Well I guess this poll is now just academic :lol: I sort of thought Rutgers had a shot at beating Louisville but I wouldn't have bet money on it! Good game to watch even for non-fans of those teams. What mess if WV beats Rutgers the last game of the season. They might have to pick the Big East represenative based on the cheerleading squads.  

Out of the current top 10 in the BCS (as of Thursday Nov 9th 10:49pm and 10 seconds) it appears USC has the toughest remaining schedule with Oregon, Cal and ND left to play and have the opportunity to gain the most ground in the standings.


----------



## SamC (Jan 20, 2003)

Well, well, well. 

Now the BcS cartel has to do something with fan-less Rutgers. It has walkovers over Cincy and Syracuse, and then it has to play at WVU. If the State University of New Jersey can beat West Virginia's university of New Jersians, then its is 12-0 and has played a schedule no less weak than WVU or Louisville did. 

So how does the cartel exclude Rutgers, and if it does, how does it ever sell WVU or Louisville as legitimate in future years?

Ohio State 75, Rutgers 0.

Only because OSU will let up in the second half.


----------



## jimbo09 (Sep 26, 2006)

I guess that's why they play the games. Hell, put Rutgers in there against an undefeated Big Ten team.

I agree with you Sam, they can't say that one BCS conference is inferior to another. Well, hmmm...maybe this will inspire the annual "BCS rule change".


----------



## SamC (Jan 20, 2003)

The only rule change the BcS needs to make is to abolish itself.


----------



## Stewart Vernon (Jan 7, 2005)

If Ohio St were all that great, then Illinois wouldn't have put a scare into them last week... Same for Michigan almost losing to Ball St.

I like how those are explained away as "flukes" when a team like Rutgers or Louisville plays the same Illinois team and wipes the floor with them, it is described as part of a weak schedule.

I also always love how if Michigan scheduled Rutgers everyone would say how weak their schedule was... but then this year they will pan Rutgers for not having a tough schedule.

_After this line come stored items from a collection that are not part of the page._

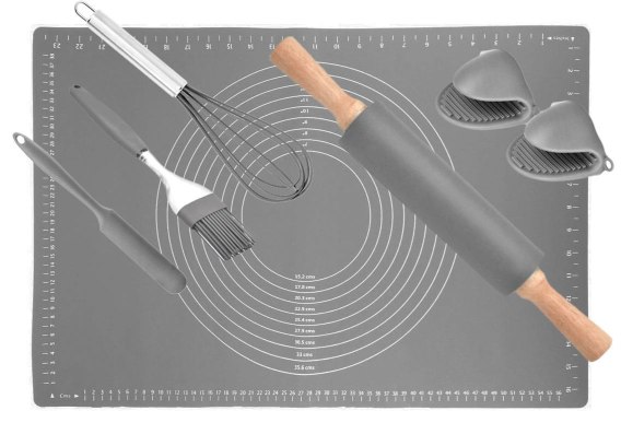 Podstawą zestawu jest silikonowa stolnica. Silikonowa stolnica jest praktyczniejsza od tradycyjnej drewnianej.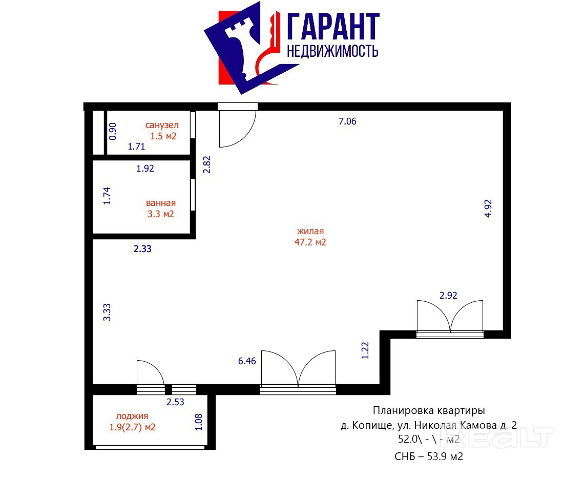 Квартира находится в современном доме, 2020 года постройки, расположена на 3-м этаже 8-этажного дома. Современные характеристики квартиры включают площадь по СНБ – 53.9 кв.м, общая площадь – 52.0 кв.м, высота потолков 2,59 м, что создает ощущение простора и комфорта. Французские окна с двойными стеклопакетами (окна в пол), благоустроенная лоджия, раздельный санузел.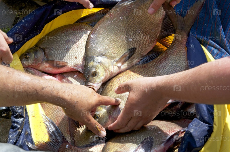 Рыбаки держат рыболовную сеть с большими лещами
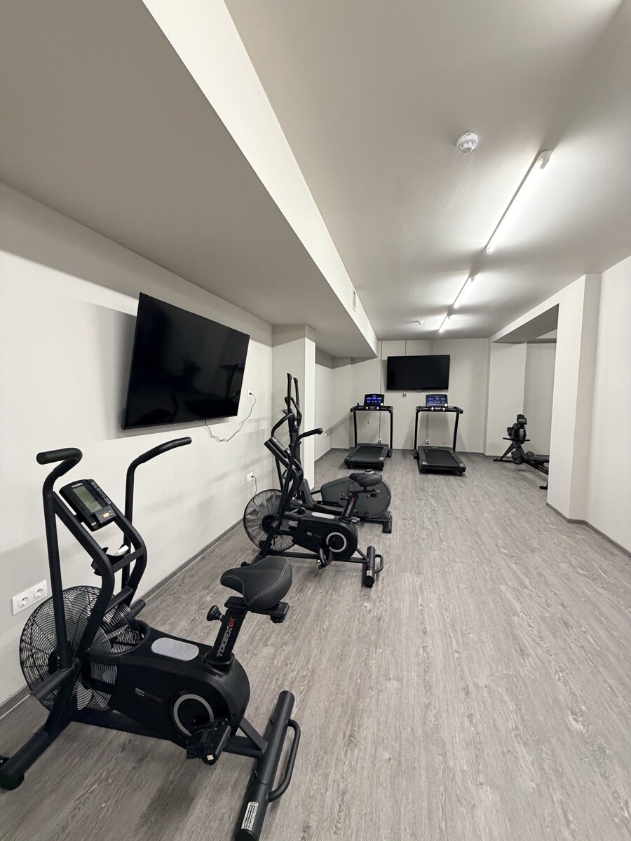 The apartment is equipped with air conditioning (heating & cooling), LED lighting, double-glazed windows, sound and thermal insulation, a security door, a built-in wardrobe and a TV.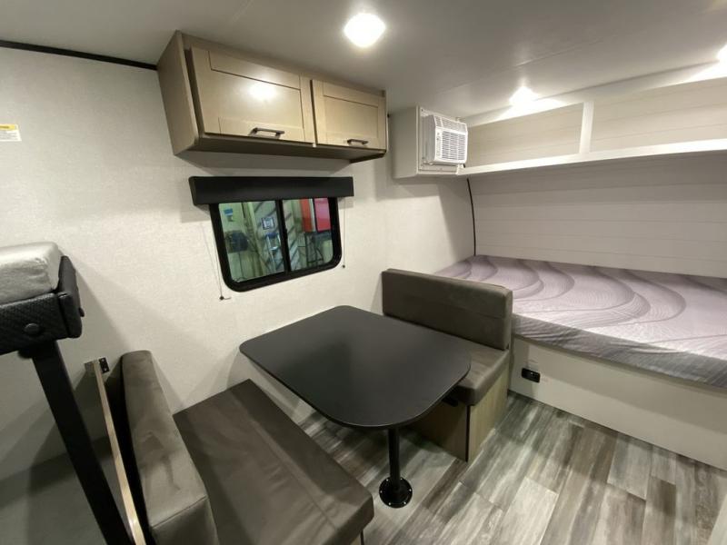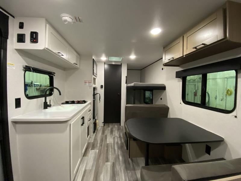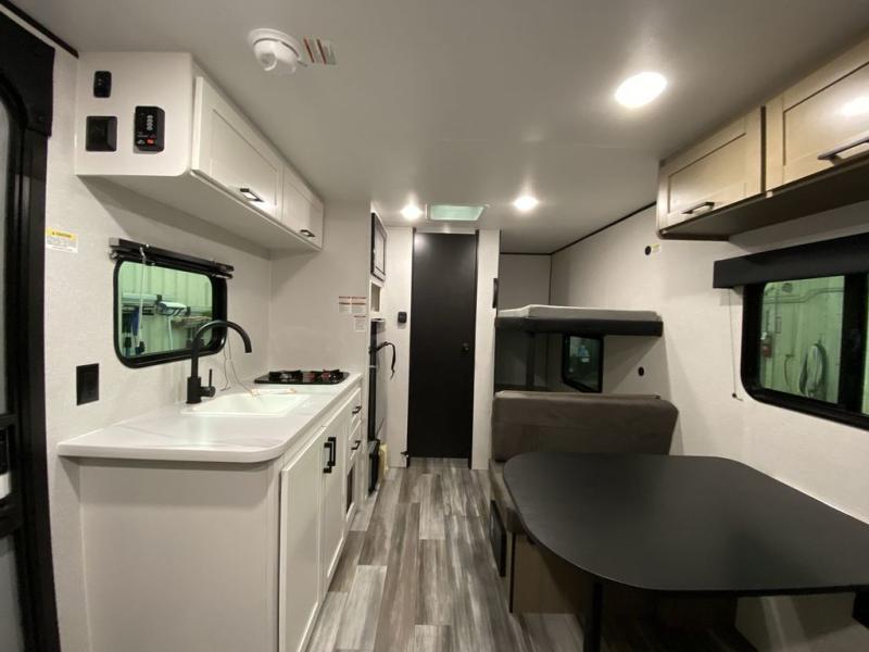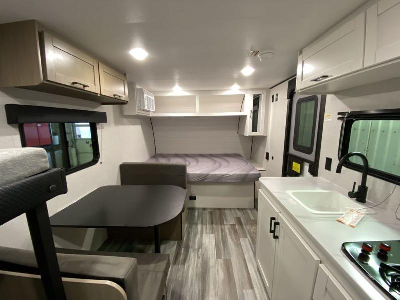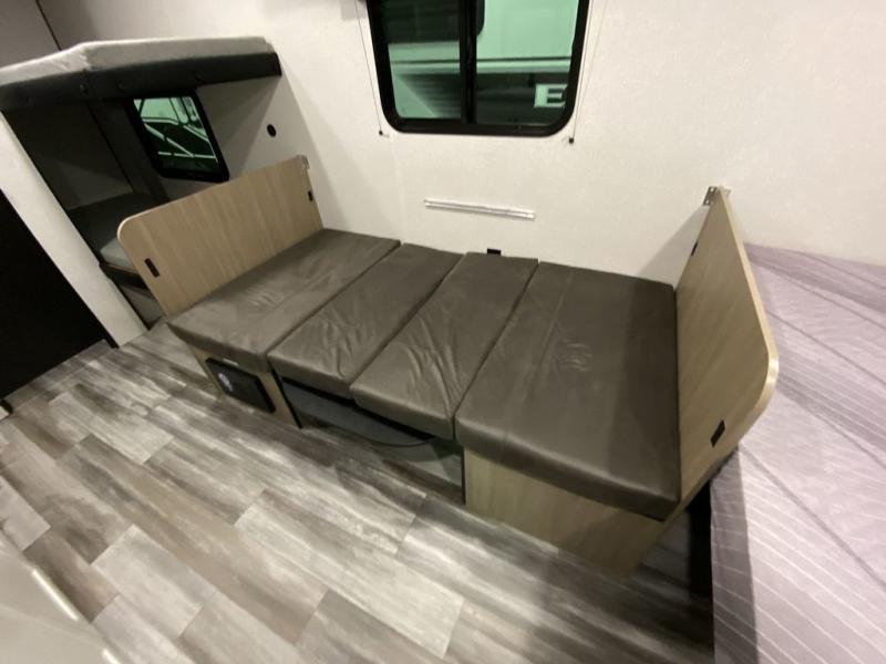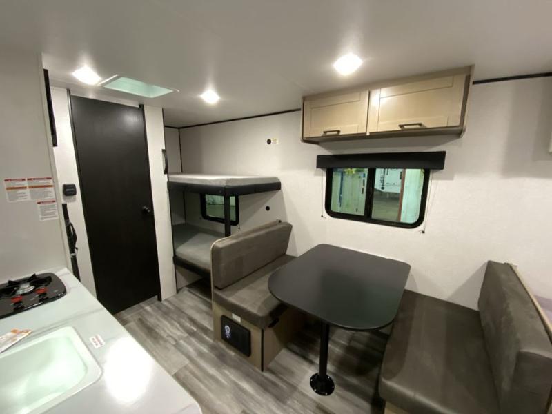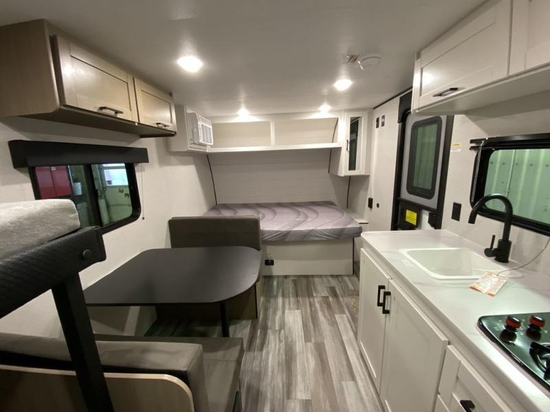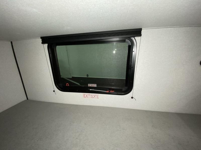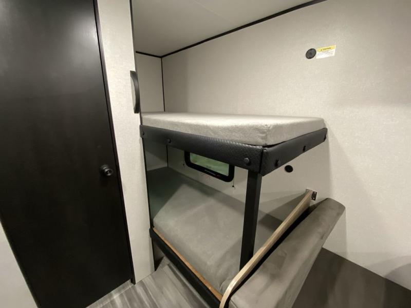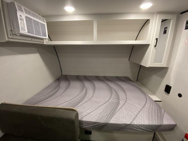 Your crew of five will love camping in this single-axle travel trailer! There are bunk beds in the rear corner and a full bath in the other rear corner for easy nighttime use. You will have the front queen bed to yourselves, along with an overhead shelf and a nightstand/wardrobe for your clothes. The booth dinette provides a place to dine, play games, and even let an extra guest stay over. The Customer Value Package on this Sport Edition model includes a 19K BTU furnace, stabilizer jacks, a power awning, an entry door with a window and shade prep, and many more stand-out features!

"Big" teams are told not to schedule weak... weak teams are told to schedule strong... which makes it very tough for a smaller school to schedule a "big" team since it is win-win for the small school and lose-lose for the big one.

Even with a playoff, some teams would be left out and others would claim they were robbed... but at least we would get some head-to-head matchups that might not otherwise be scheduled.

No one from the big schools, for instance, wants Boise St on their schedule after how that school competes in recent years... If you lose people will say "how do you lose to Boise St"? And if you win, people say "weak schedule"... then at the same time will bash Boise St for not having a tough schedule either.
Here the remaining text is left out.